RAW DATA:

[Start of Attachment]

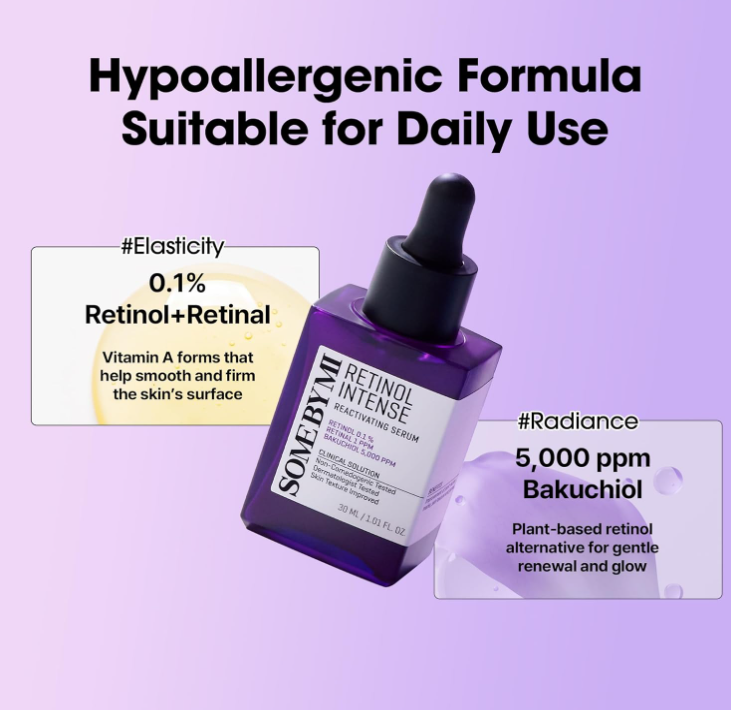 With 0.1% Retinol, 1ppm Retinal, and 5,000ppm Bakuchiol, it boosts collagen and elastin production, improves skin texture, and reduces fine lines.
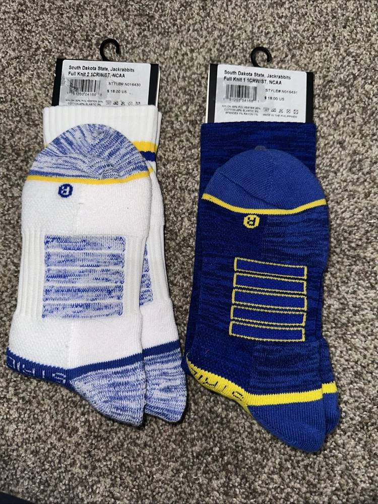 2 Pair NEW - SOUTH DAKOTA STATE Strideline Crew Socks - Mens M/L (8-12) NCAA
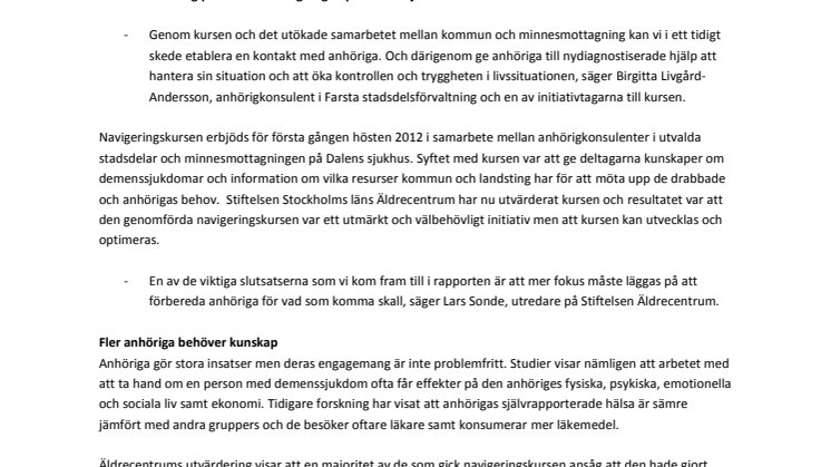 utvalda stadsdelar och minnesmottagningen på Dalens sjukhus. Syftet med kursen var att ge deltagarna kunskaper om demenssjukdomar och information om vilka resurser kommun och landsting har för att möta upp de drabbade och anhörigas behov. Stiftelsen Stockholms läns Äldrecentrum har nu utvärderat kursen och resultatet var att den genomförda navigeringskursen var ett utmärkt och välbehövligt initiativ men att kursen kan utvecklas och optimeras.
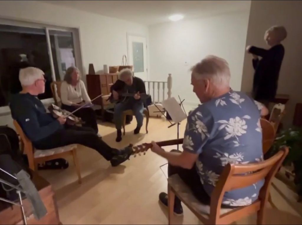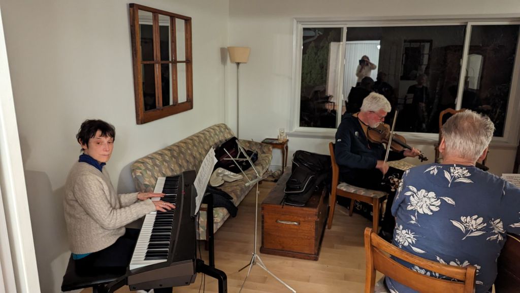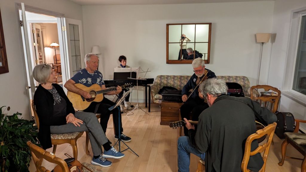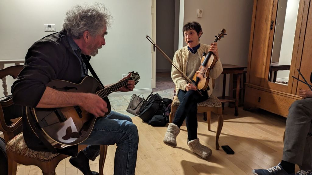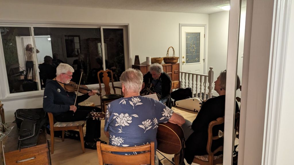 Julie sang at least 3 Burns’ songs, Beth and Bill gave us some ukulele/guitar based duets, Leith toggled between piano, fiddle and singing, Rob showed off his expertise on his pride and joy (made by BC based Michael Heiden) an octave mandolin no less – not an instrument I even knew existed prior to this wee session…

[End of Attachment]

TASK ITEM:
Please return the lines from the line with "utvalda stadsdelar och" through the last line of the data, both included, exactly, and without pictures.

TASK RESULT:
 utvalda stadsdelar och minnesmottagningen på Dalens sjukhus. Syftet med kursen var att ge deltagarna kunskaper om demenssjukdomar och information om vilka resurser kommun och landsting har för att möta upp de drabbade och anhörigas behov. Stiftelsen Stockholms läns Äldrecentrum har nu utvärderat kursen och resultatet var att den genomförda navigeringskursen var ett utmärkt och välbehövligt initiativ men att kursen kan utvecklas och optimeras.
 Julie sang at least 3 Burns’ songs, Beth and Bill gave us some ukulele/guitar based duets, Leith toggled between piano, fiddle and singing, Rob showed off his expertise on his pride and joy (made by BC based Michael Heiden) an octave mandolin no less – not an instrument I even knew existed prior to this wee session…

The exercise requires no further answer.